Order, Supreme Court, Bronx County (Laura G. Douglas, J.), entered December 1, 2016, which granted defendants' motion for summary judgment dismissing the complaint, unanimously reversed, on the law, without costs, and the motion denied.
Owner defendants failed to make a prima facie showing that they lacked actual or constructive notice of the defect in the sidewalk that allegedly caused plaintiff to trip and fall (see Uncyk v. Cedarhurst Prop. Mgt., LLC, 137 A.D.3d 610, 610, 29 N.Y.S.3d 263 [1st Dept. 2016] ). A jury could infer from plaintiff's photograph of the defective condition that the condition existed for a sufficient length of time for owner defendants to have discovered it and had time to repair it (see Taylor v. New York City Tr. Auth., 48 N.Y.2d 903, 904, 424 N.Y.S.2d 888, 400 N.E.2d 1340 [1979] ).

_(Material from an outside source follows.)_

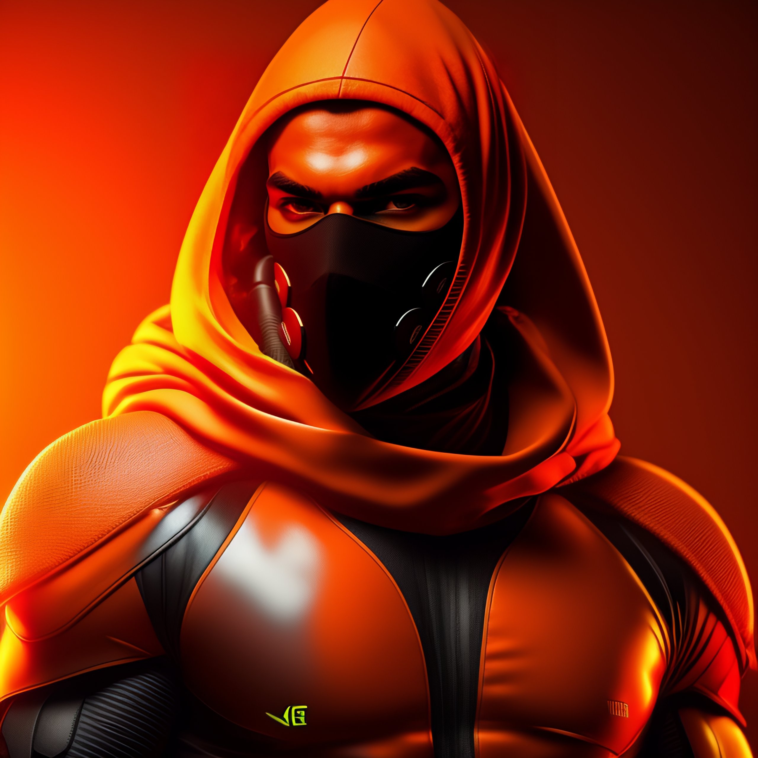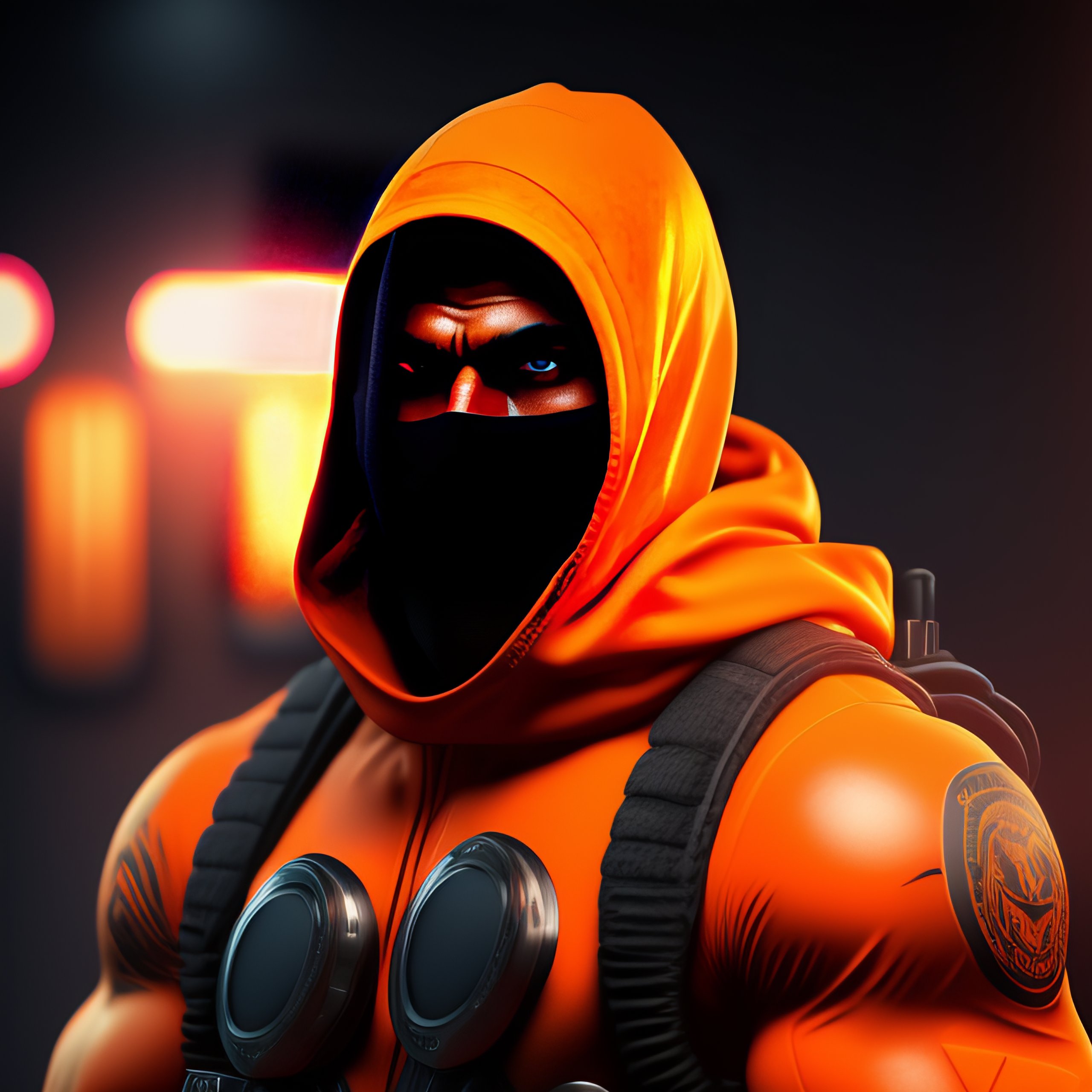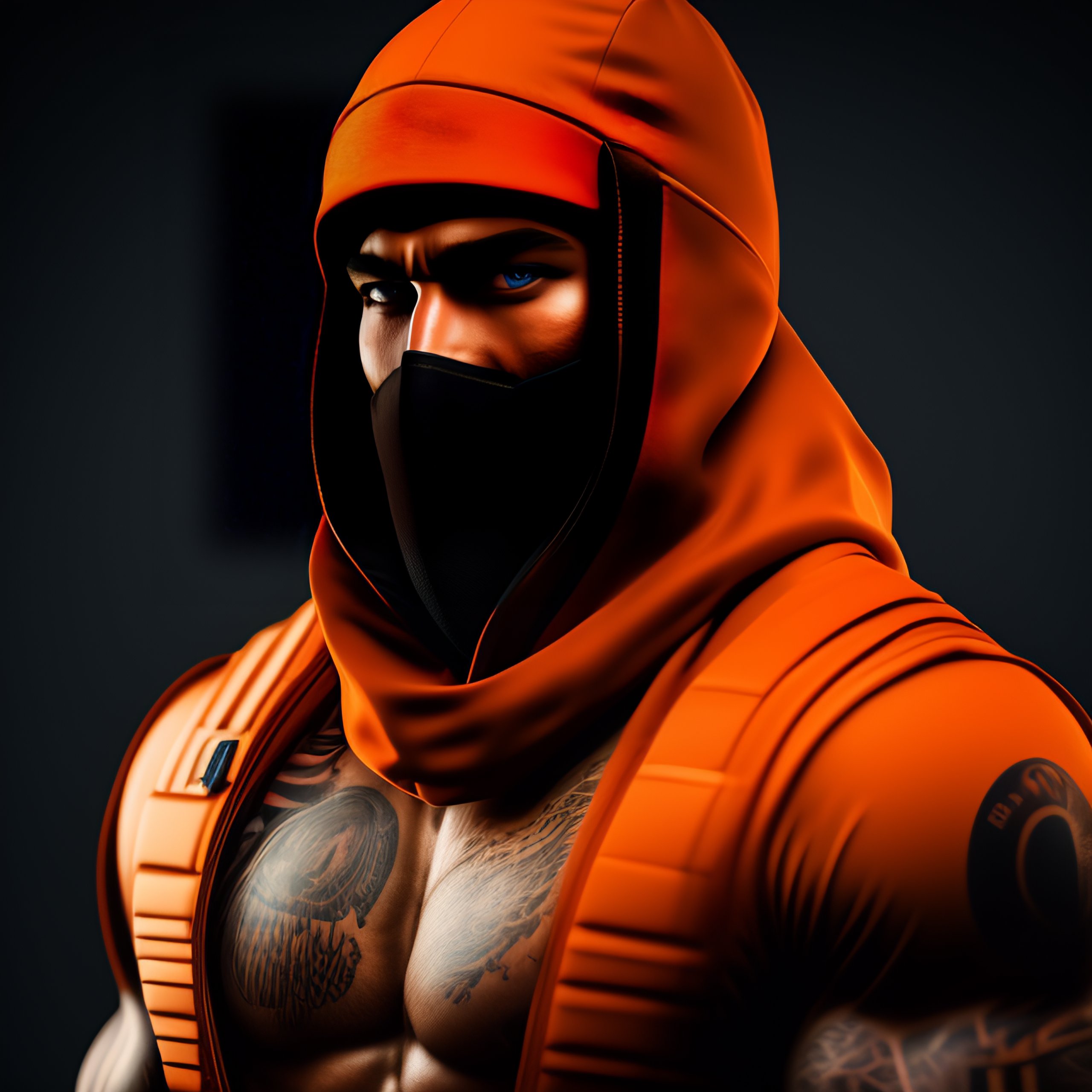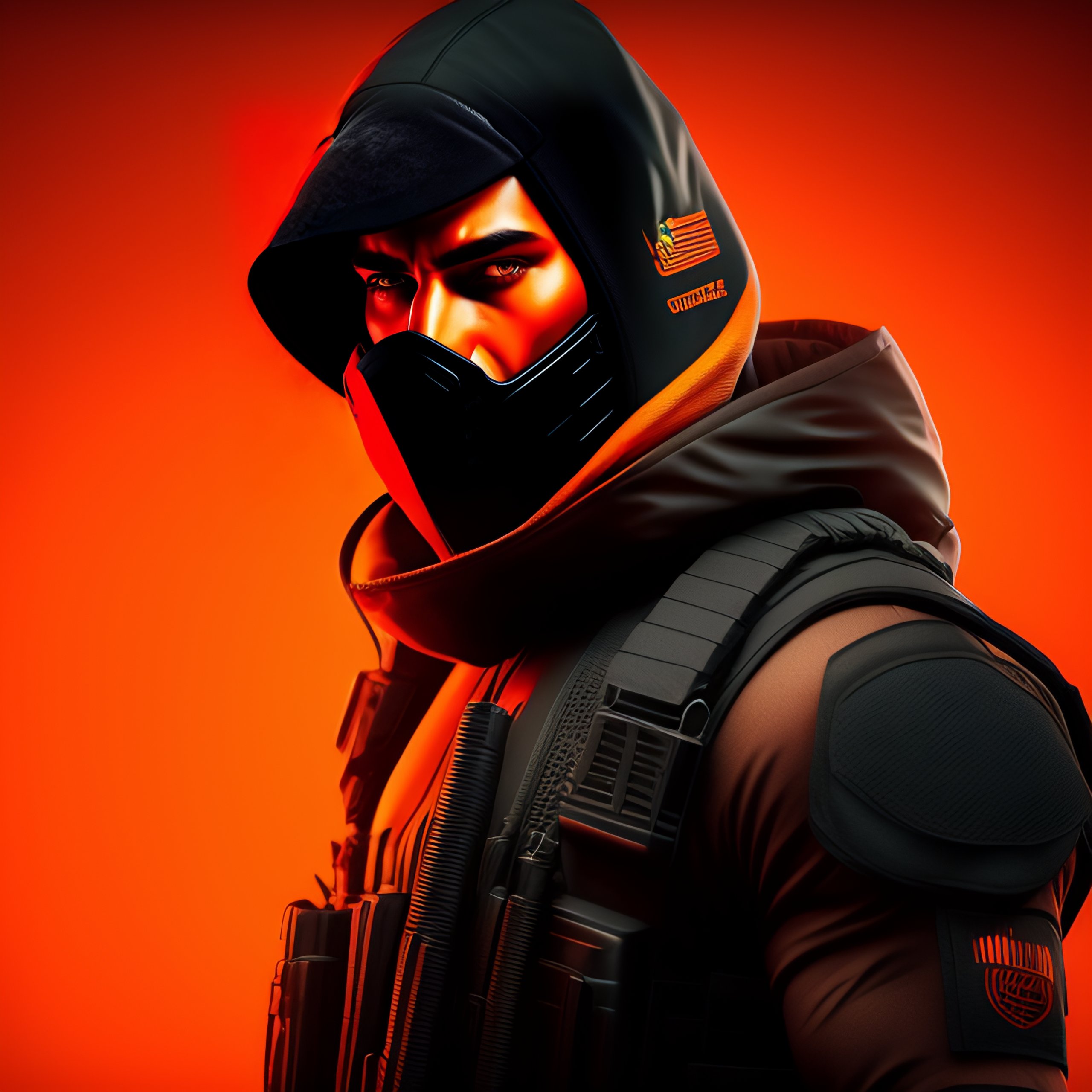 Cs-go muscular terrorist man, using balaclava, tattoos in the body, hollographic orange details color, knolling layout, highly detailed, depth, lumen render, 8k

In opposition, plaintiff raised an issue of fact as to whether the defect was actionable and not trivial. A photograph of the sidewalk at the time of plaintiff's accident showed the condition of the sidewalk to be well-worn, with cracks between the slabs, and the defect shown in close-up appeared to be capable of causing plaintiff to trip and fall (see Dominguez v. OCG, IV, LLC, 82 A.D.3d 434, 918 N.Y.S.2d 406 [1st Dept. 2011] ).